**Your goal**: Print the lines in the listing below starting at the line with "Il prezzo con" and ending at the line with "Champion】リックオウエンス×チャンピオン タグ付ペンタグラムロゴナイロンバケットハット black", both included. Reproduce them exactly and omit every picture.

**Provided records**:
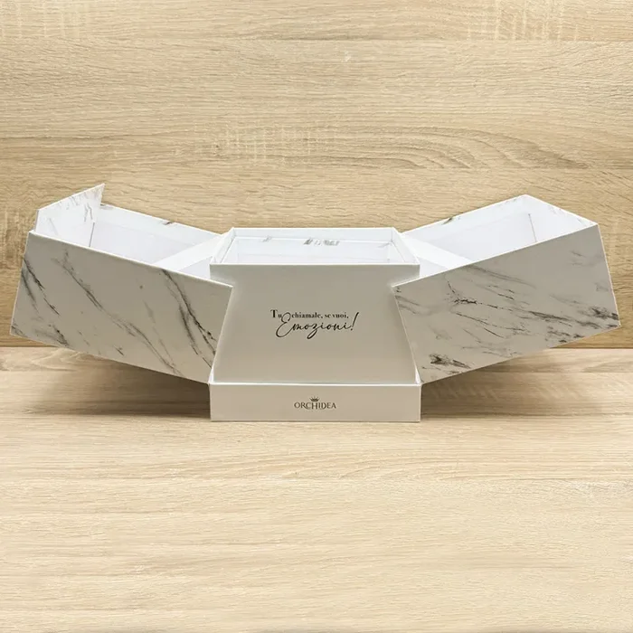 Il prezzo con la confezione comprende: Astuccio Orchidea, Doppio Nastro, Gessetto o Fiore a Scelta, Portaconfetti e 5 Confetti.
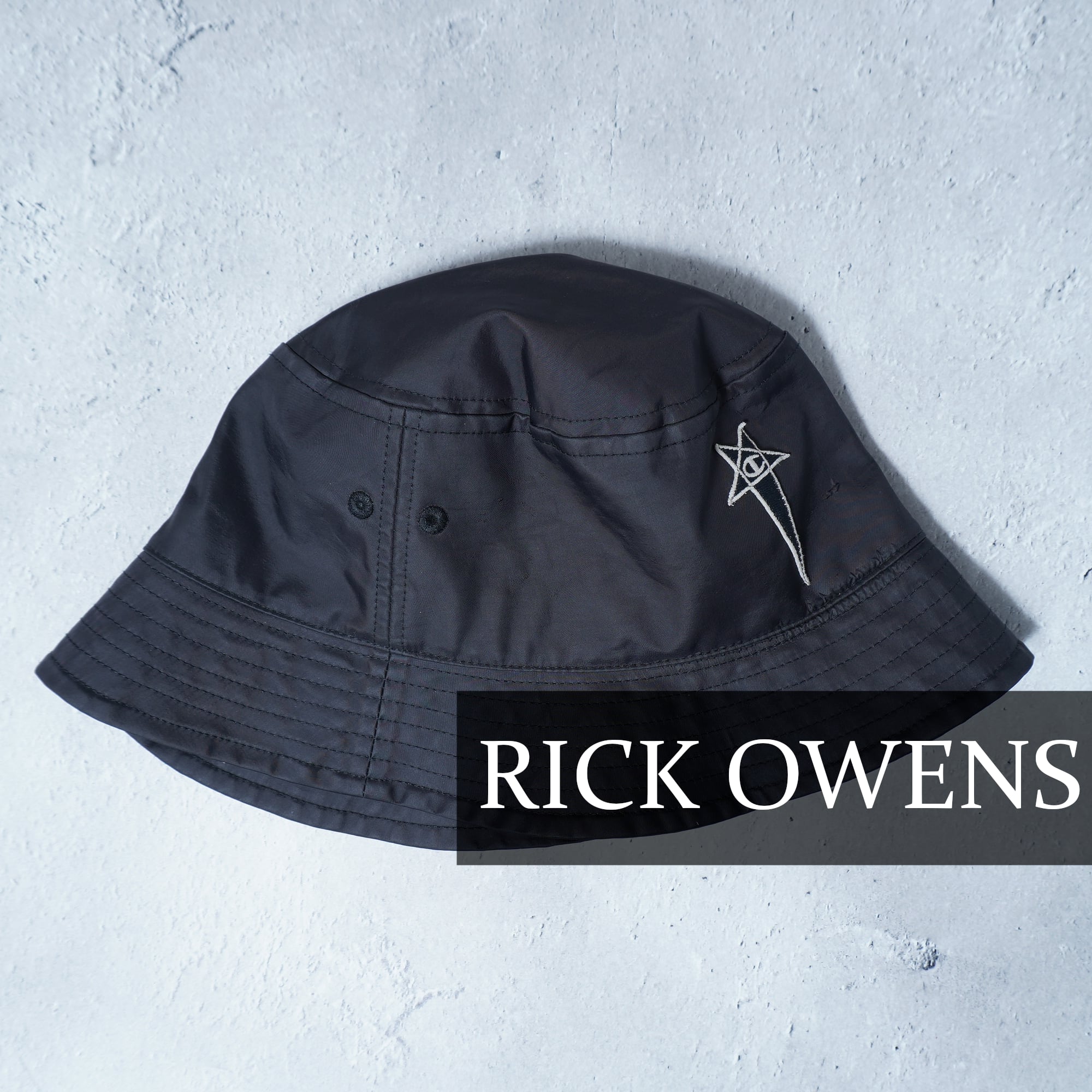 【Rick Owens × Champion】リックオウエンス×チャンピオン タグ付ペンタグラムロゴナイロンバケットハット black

* * *

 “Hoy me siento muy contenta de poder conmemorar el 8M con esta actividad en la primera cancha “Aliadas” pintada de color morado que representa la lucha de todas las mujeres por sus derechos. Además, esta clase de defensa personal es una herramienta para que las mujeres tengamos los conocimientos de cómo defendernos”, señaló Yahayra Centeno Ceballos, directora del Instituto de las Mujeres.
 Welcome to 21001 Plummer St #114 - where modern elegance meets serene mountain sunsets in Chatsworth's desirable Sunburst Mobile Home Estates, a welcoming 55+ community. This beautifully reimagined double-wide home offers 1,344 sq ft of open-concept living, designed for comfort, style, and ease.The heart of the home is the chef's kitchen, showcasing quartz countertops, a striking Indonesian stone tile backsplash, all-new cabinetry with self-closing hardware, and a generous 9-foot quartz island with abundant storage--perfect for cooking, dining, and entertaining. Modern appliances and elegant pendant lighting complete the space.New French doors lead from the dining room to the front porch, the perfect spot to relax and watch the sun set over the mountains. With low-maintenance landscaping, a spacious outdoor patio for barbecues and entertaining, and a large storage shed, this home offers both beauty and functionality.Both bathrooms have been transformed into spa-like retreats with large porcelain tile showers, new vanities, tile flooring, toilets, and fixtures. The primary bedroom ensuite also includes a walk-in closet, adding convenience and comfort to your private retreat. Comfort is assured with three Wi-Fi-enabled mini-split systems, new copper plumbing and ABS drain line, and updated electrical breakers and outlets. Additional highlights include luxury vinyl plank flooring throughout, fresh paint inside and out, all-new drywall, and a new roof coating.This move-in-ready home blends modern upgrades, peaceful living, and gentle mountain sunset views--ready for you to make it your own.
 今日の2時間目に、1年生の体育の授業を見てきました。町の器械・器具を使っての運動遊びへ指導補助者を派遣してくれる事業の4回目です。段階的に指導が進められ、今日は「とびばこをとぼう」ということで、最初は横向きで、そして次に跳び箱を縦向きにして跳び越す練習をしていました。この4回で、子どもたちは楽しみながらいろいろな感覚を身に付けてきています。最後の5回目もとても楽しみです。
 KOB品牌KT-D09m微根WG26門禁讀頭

--

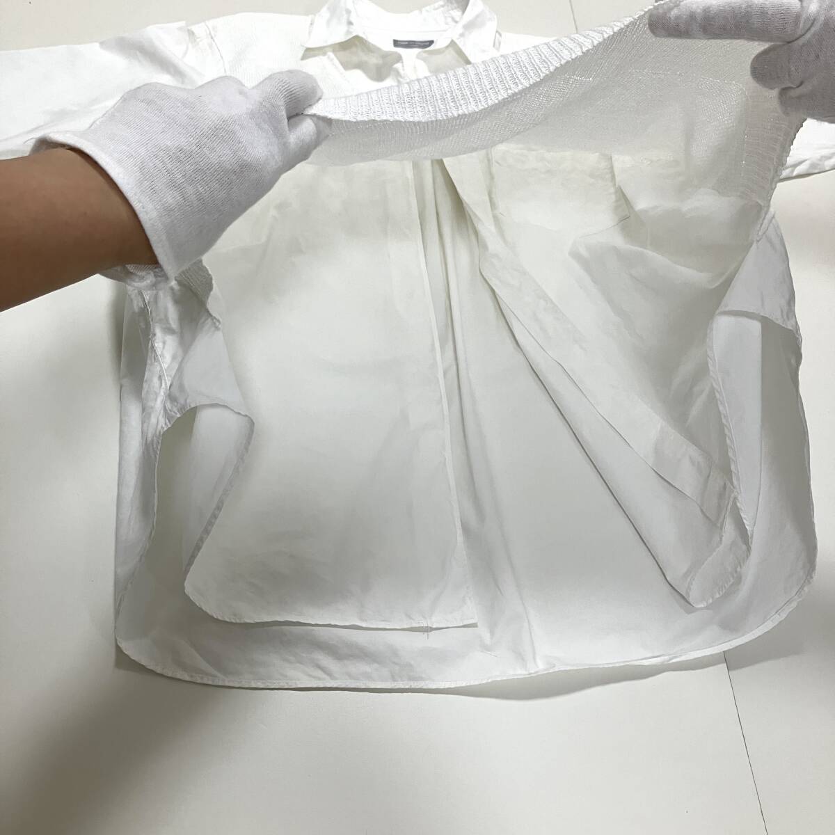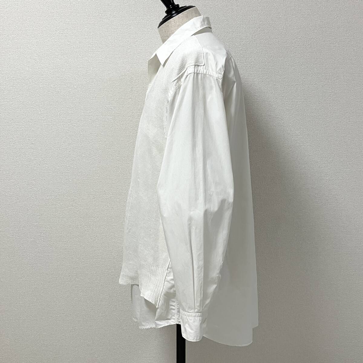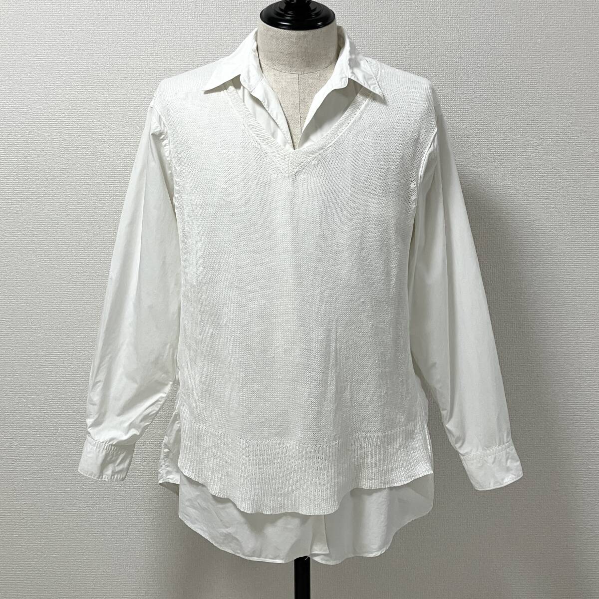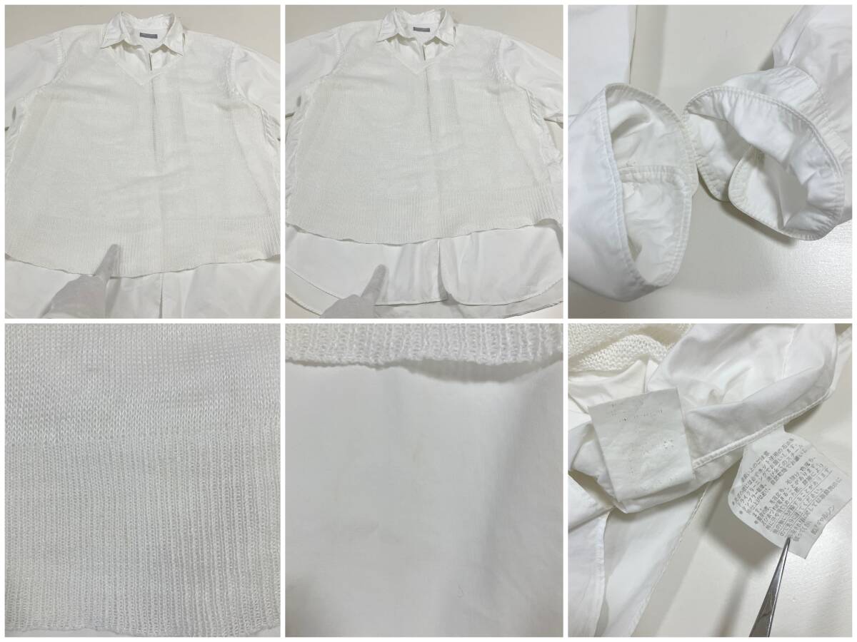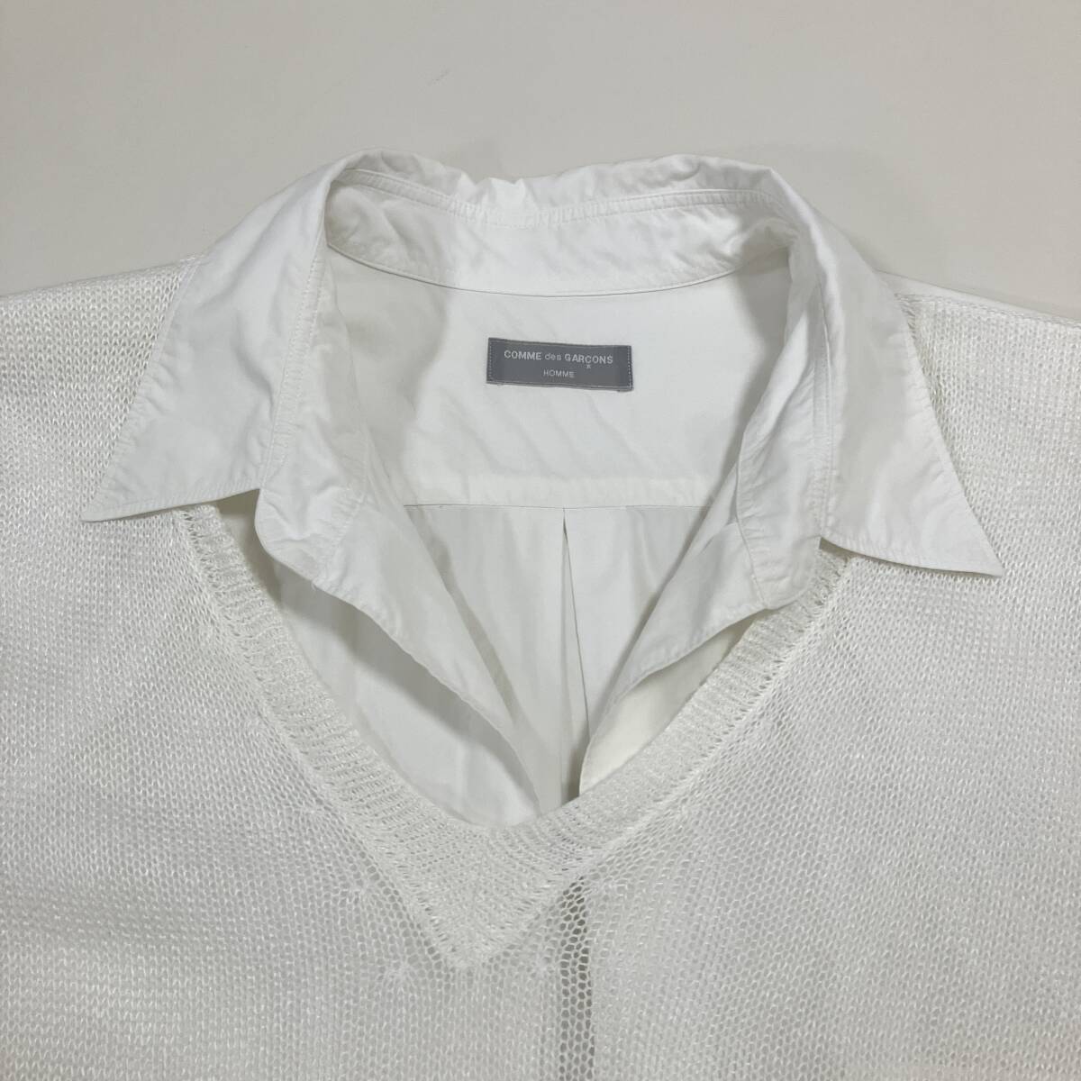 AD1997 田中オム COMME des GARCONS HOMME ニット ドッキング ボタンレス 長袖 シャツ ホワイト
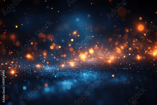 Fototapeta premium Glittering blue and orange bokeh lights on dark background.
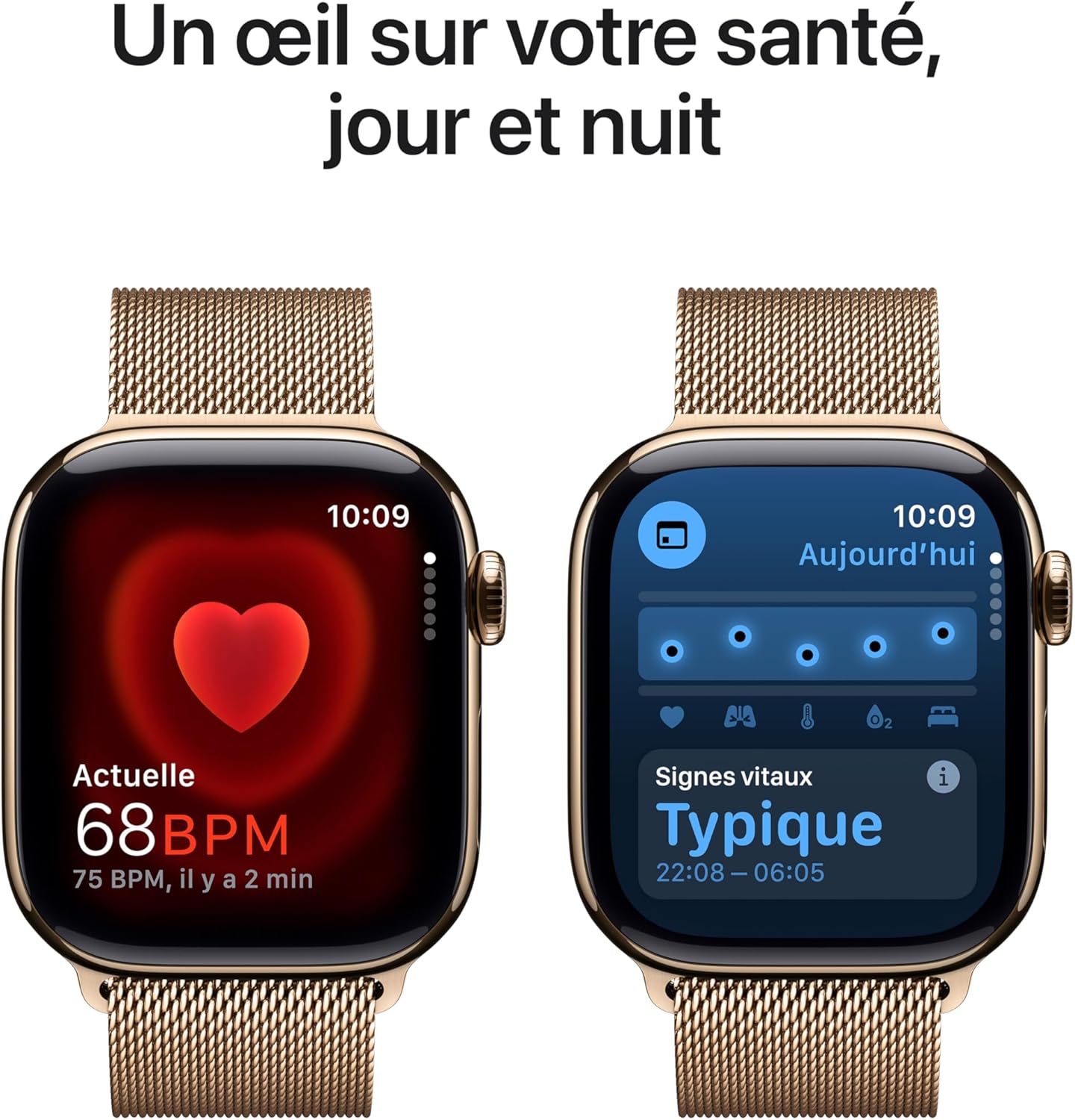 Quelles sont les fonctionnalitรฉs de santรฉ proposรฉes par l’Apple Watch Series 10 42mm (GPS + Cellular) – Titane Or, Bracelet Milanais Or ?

**Output**:
 Il prezzo con la confezione comprende: Astuccio Orchidea, Doppio Nastro, Gessetto o Fiore a Scelta, Portaconfetti e 5 Confetti.
 【Rick Owens × Champion】リックオウエンス×チャンピオン タグ付ペンタグラムロゴナイロンバケットハット black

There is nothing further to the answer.